Marbleized Stucco: Also called “stucco marble,” it is a decorative technique in which marble dust and pigments are added to the plaster and kneaded to simulate marble. In some cases, the simulation of veins and clasts are completed by brush.

Pseudo Axonometry: Drawings in which the projection of the elements is realized by parallel lines without, however, any real scientific basis. The method of isometric projections was codified beginning with the nineteenth century.

Piano Nobile: The main storey, usually, but not necessarily, the first floor, containing the principal rooms: literally “noble floor”.

Ovolo: Also called “ovulo”, convex molding whose section is a quarter of a circumference. It may be smooth or decorated with elements called ovoli and lancette.

Tympanum: Semi-circular wall surface bounded by a lintel and arch, over a door, often containing relief or imagery.

Lunette: Is a half-moon shaped space, void or filled with recessed masonry.

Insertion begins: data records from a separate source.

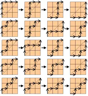 Figure 4 illustrates the situation for n = 3. Each of the 20 possible monotonic paths appears somewhere in the table. The first column shows all paths of exceedance three, which lie entirely above the diagonal. The columns to the right show the result of successive applications of the algorithm, with the exceedance decreasing one unit at a time. There are five rows, that is, C3 = 5, and the last column displays all paths no higher than the diagonal.
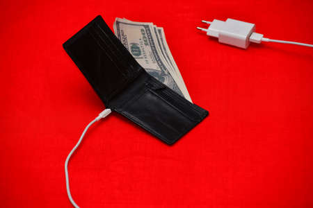 Black purse charged from the network on a red background
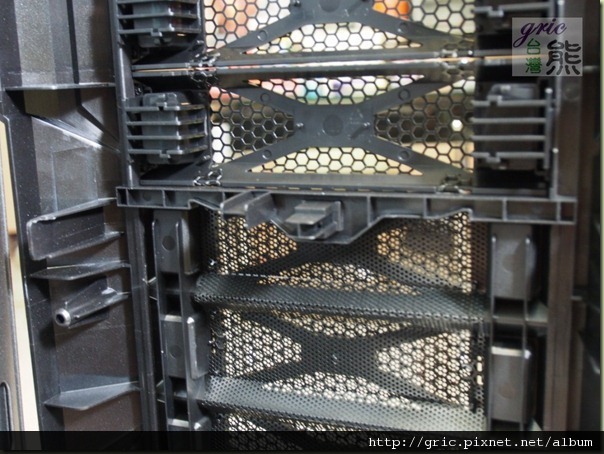 由圖I17可以看到用心的設計,為了不讓充滿透氣孔的洞洞前面板強度不夠還在中間加了支撐,這算是中流砥柱就是了!
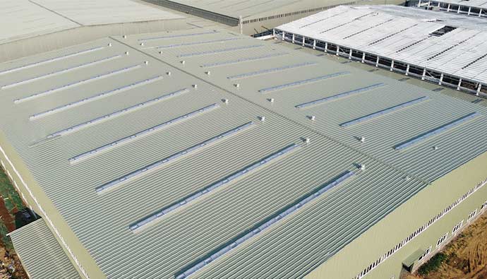 使用產(chǎn)品:三角型排煙天窗+圓拱型固定采光天窗
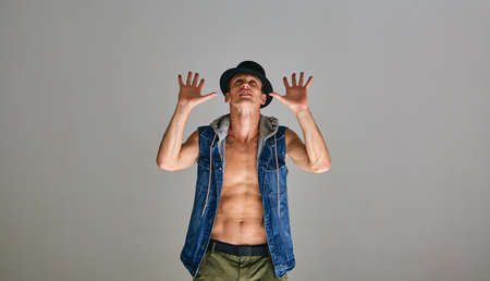 Young guy breakdancer in hat stand with hands up in studio isolated on gray background. Dance school poster
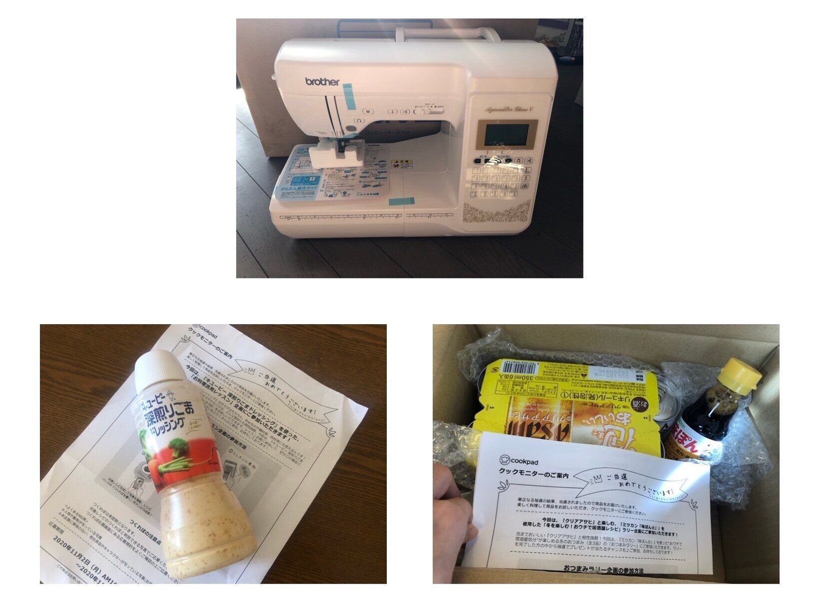 まずは、最近の私の当選品をご紹介します!実は最近、65,000円以上するコンピューターミシンを当ててしまいました!今までの当選品の中でも、かなりの高額当選品です。そして、発泡酒やインスタントラーメン、牛乳、カフェオレ、ポン酢、ドレッシングなどなど、食料品はほぼ毎週当選しています!
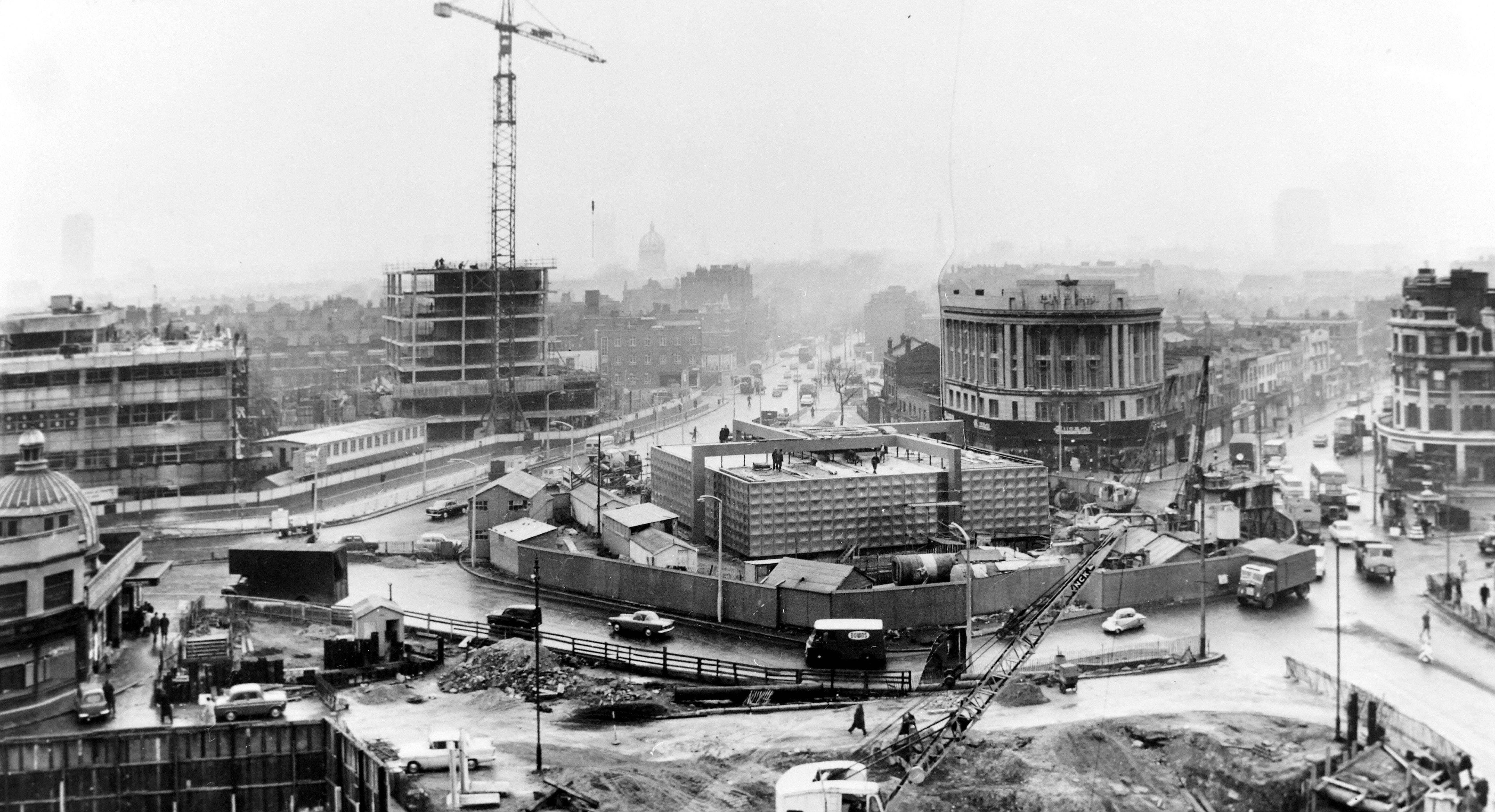 During World War Two it was badly bombed with most of the remaining Victorian buildings cleared to enable it to be reimagined as a bold vision of London built around the private motor car, designed to prioritise the flow of traffic and allow people to drive to the newly-built shopping centre.
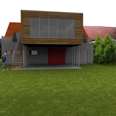 Nástavba pizzerie na obchodní dům z 80. let, Praha-Roztyly (2005) |
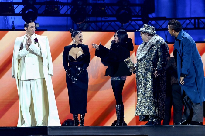 X Factor 2025 Finale in Piazza del Plebiscito. Pictured: Giorgia, Paola Iezzi, Jake La Furia, Achille Lauro, and Francesco Gabbani. Naples, Dec 4th 2025, Credit:AGF / Avalon
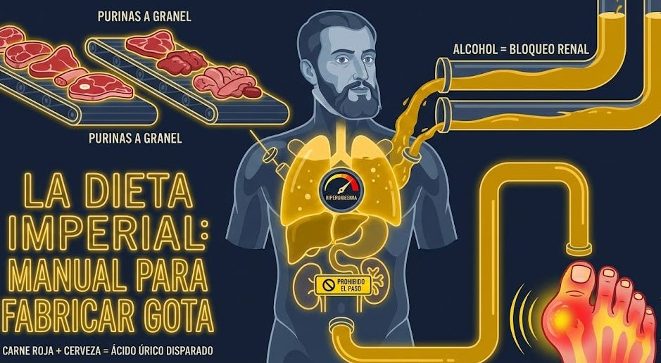 Y hay algo que me parece especialmente interesante, desmontas la idea romántica de enfermedad de reyes para mostrar que en realidad era enfermedad de exceso. Exceso de purinas, exceso de alcohol, exceso de privilegio metabólico mal gestionado. Cambian las épocas, pero el mecanismo inflamatorio es el mismo.
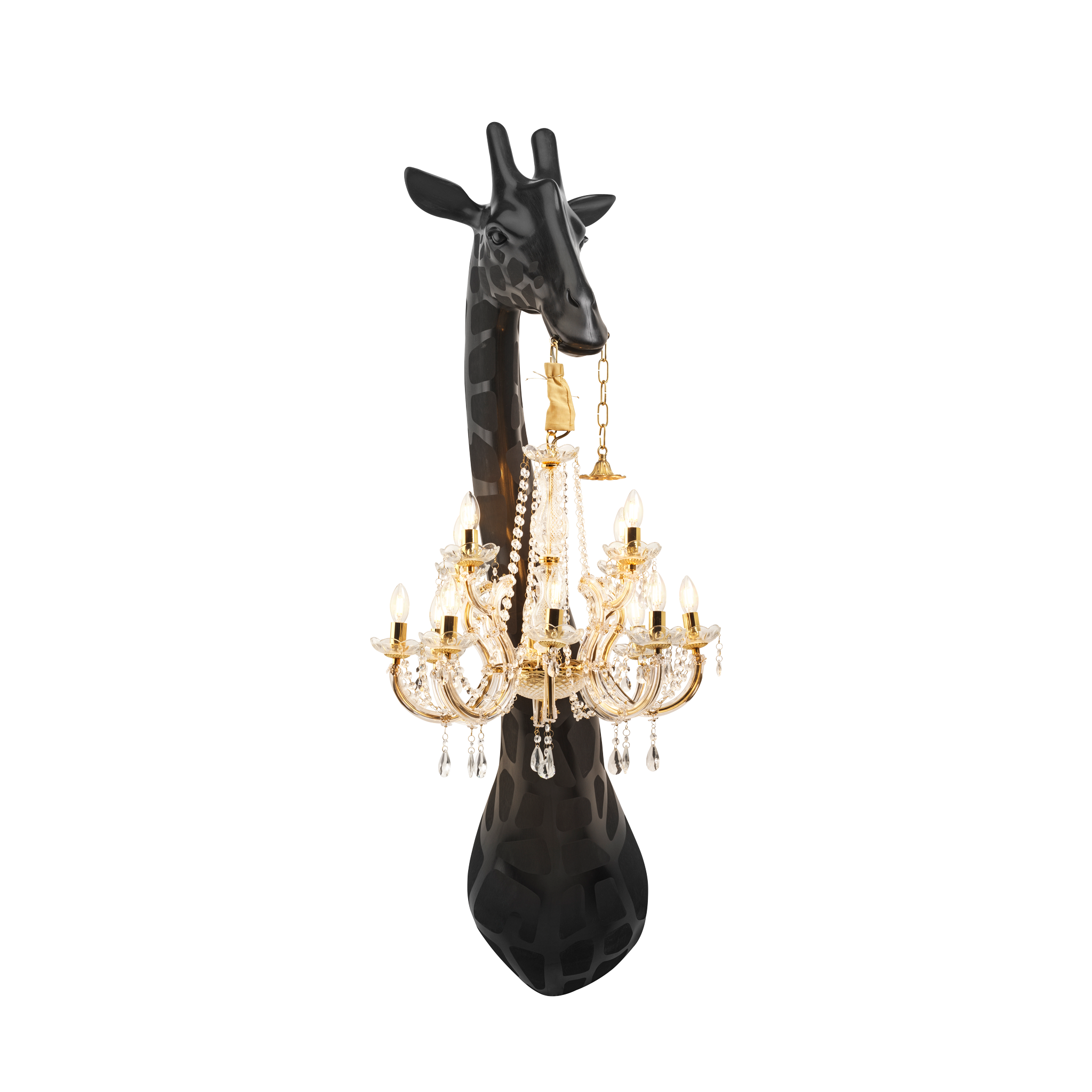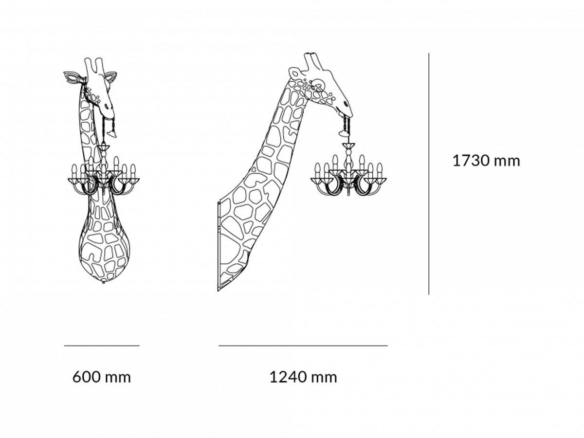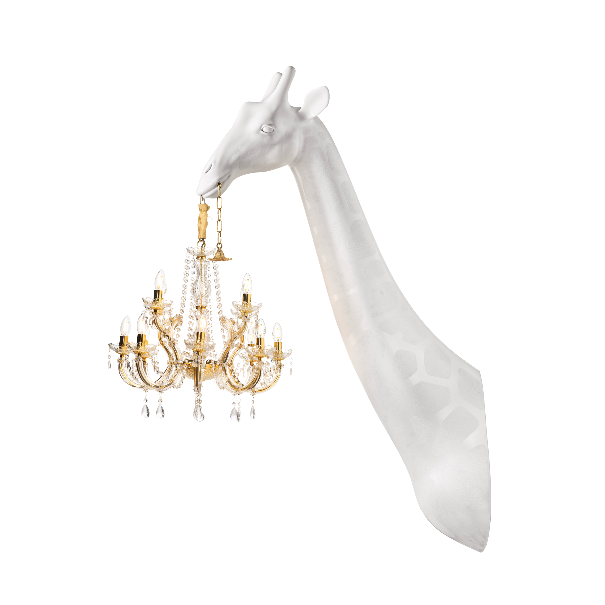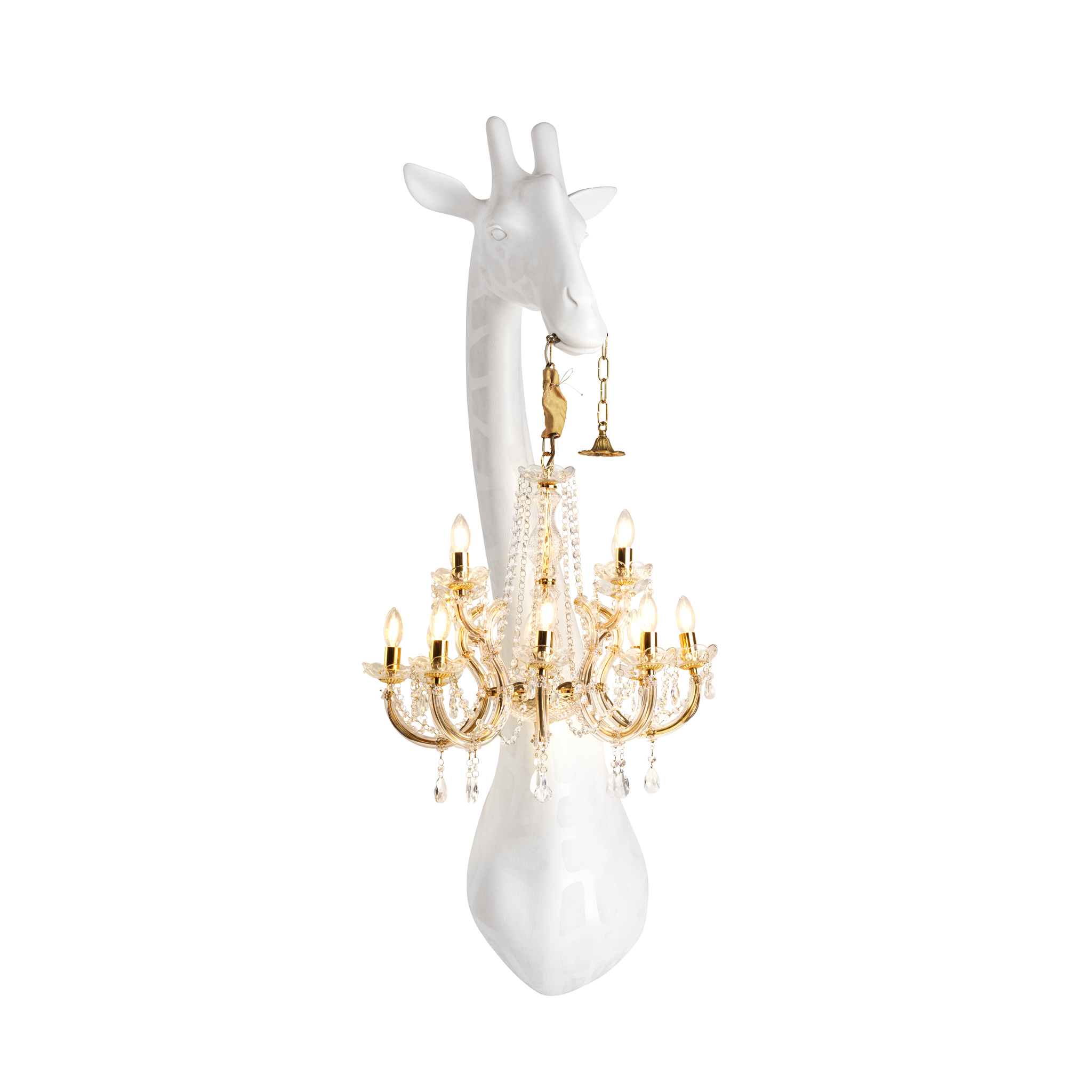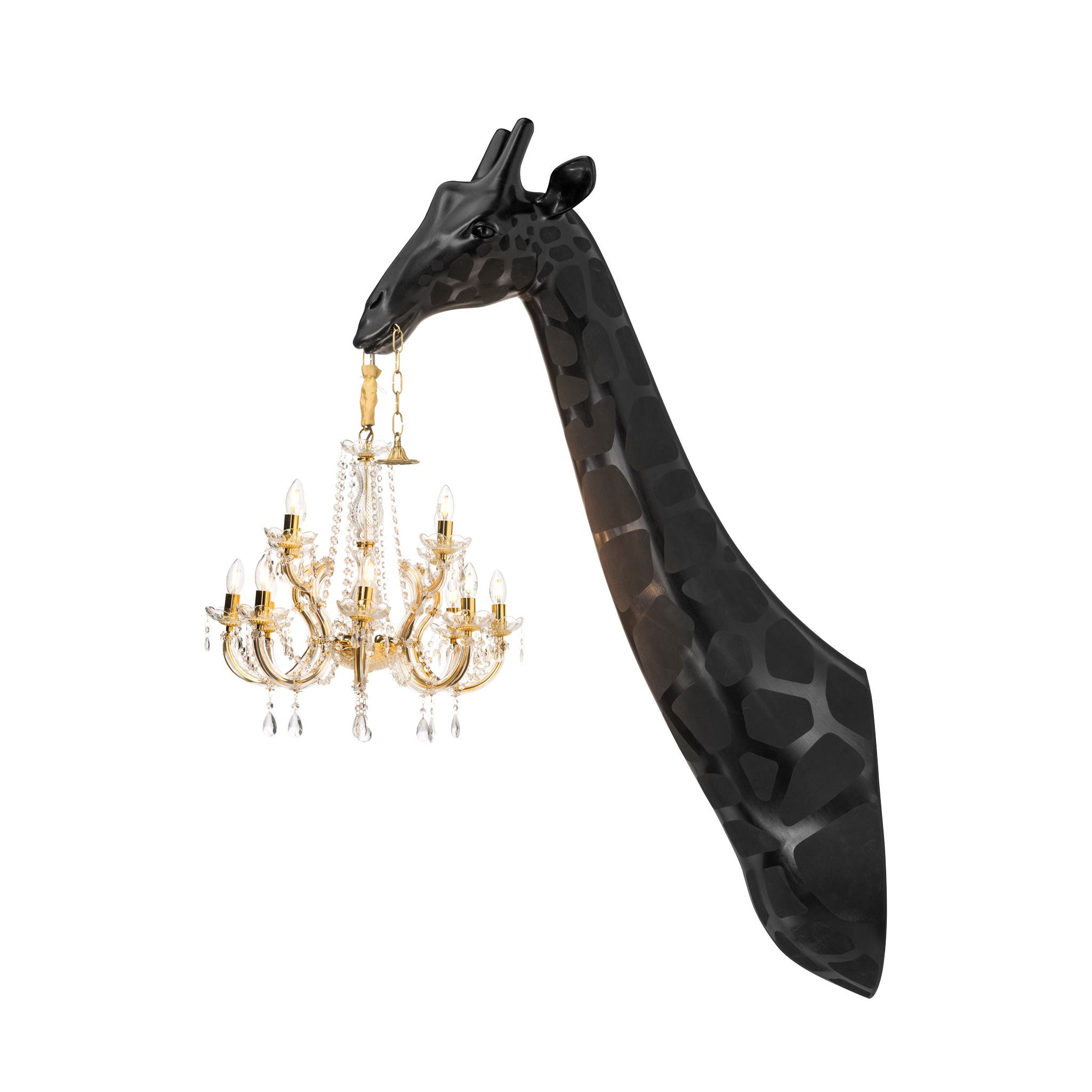 El aplique Giraffe In Love, diseñado por Marcantonio, es un cuello de jirafa que soporta un candelabro clásico de estilo Marie-Thérèse, en versión de pared que permite aportar ironía y ligereza a cualquier espacio vital. Viene con un soporte de metal para colgar en las paredes.

Breccia Medicea: A variety of Breccia di Serravezza antica, a marble breccia with light to dark gray, yellow and green, angular, gravel-size marble clasts in a purplish matrix.

Portico: A porch leading to the entrance of a building, or extended as a colonnade.

Straight Fillet: (Sometimes simply “fillet”) plane section molding.

Trabeation: Is the use of lintels or beams rather than arches or vaulting in architectural construction.

Astragal (Tondino): Also called “fusarolo”, is a convex semi-circular molding whose section corresponds to half the circumference.

Architrave: The lowest part of the entablature (consisting of architrave, frieze and cornice) immediately on the capital of the column.

Semipilaster: Or pilaster strip, Italian “Parasta”, is similar to a Lesene but with a structural function.

Fine Contour Gauge: Instrument for the reconstruction via sliding needles, which positioned perpendicularly to a molded profile replicate its design.

Lesenes: Pilaster strip a narrow, low-relief, vertical pillar, but only decorative and not functional.